Spiotta followed Eat the Document with Stone Arabia, another haunting tale of a Walter Mitty-like rock musician, who, despite the early dissolution of a promising career, has carried on, meticulously documenting his “fame.” There are reviews and records and interviews that occur in a vacuum, read and heard only by a few, most notably the musician’s sister, who narrates the story. The novel is a both a reflection on identity and celebrity and the edgy weirdness of contemporary popular culture. It is a theme that Spiotta returns to in her latest novel, Innocents and Others.
The irresistible opening of Innocents and Others is a love story involving Meadow Mori, a high school senior who, obsessed with film and movies, dupes her parents into thinking she has left LA after graduation to attend NYU’s filmmaking school. Except that she actually becomes the live-in girlfriend of a distinctly Orson Welles-like character. When her paramour dies, Meadow leaves for New York to pursue her obsession for making movies. It doesn’t matter that we learn later that this opening tale is fiction–after all, we are reading a novel, right? Innocents and Others then proceeds to spread its tendrils in myriad directions–at its core is the story of the friendship between Meadow and her high-school friend Carrie Wexler that may remind readers of Elena Ferrante’s brilliant examination of the nature of female friendship. Both women become successful filmmakers, but their lives and their movies could hardly be more different.
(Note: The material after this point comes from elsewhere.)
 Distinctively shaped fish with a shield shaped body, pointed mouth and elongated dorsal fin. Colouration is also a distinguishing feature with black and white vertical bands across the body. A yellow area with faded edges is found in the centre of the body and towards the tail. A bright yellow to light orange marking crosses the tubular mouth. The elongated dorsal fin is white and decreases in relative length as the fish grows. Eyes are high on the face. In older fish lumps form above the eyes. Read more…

And then there is Jelly… a woman who gains access to a Rolodex and parlays it into developing relationships with some of the most powerful men in Hollywood. Jelly has refined an approach that seduces her listeners. Not only does she actually listen, she allows the silence to create an empathetic bond. The conversations are almost excruciatingly intimate, without being sexual, but they never reach fruition because of Jelly’s inability to be truly honest about who she is.
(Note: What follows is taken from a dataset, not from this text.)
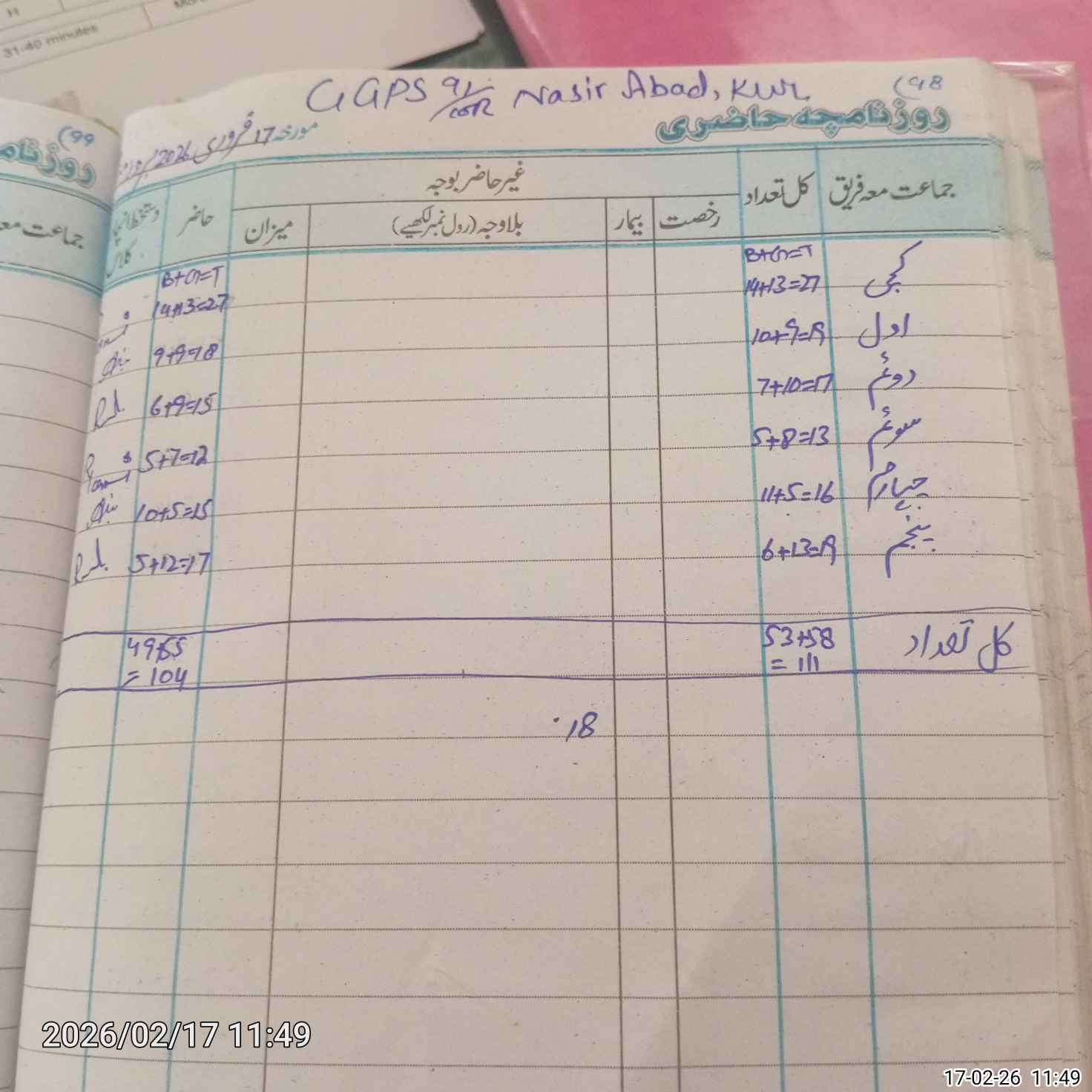 | Total Students Present | 0 | 0 | 18 | 15 | 12 | 15 | 17 | 104 | ||||||||

There are distinct echoes of DeLillo in Spiotta’s work (she has been described as “the female DeLillo” more than once) and certainly a connection with Flamethrowers author Rachel Kushner, whose work shares a similar obsession with film. Spiotta is brilliantly raising questions around identity and the ways that we choose to represent, or misrepresent ourselves in a culture that offers us powerful new ways to manage how we are perceived. The inevitable question becomes, how real are those perceptions and the relationships that grow out of them?
[Bill Lundgren is a writer and blogger, also a friend of Longfellow Books in Portland, Maine (“A Fiercely Independent Community Bookstore”), where you can buy this book and about a million others, from booksellers who care. Bill keeps a bird named Ruby, a blind pug named Pearl, and a couple of fine bird dogs, and teaches at Southern Maine Community College. ]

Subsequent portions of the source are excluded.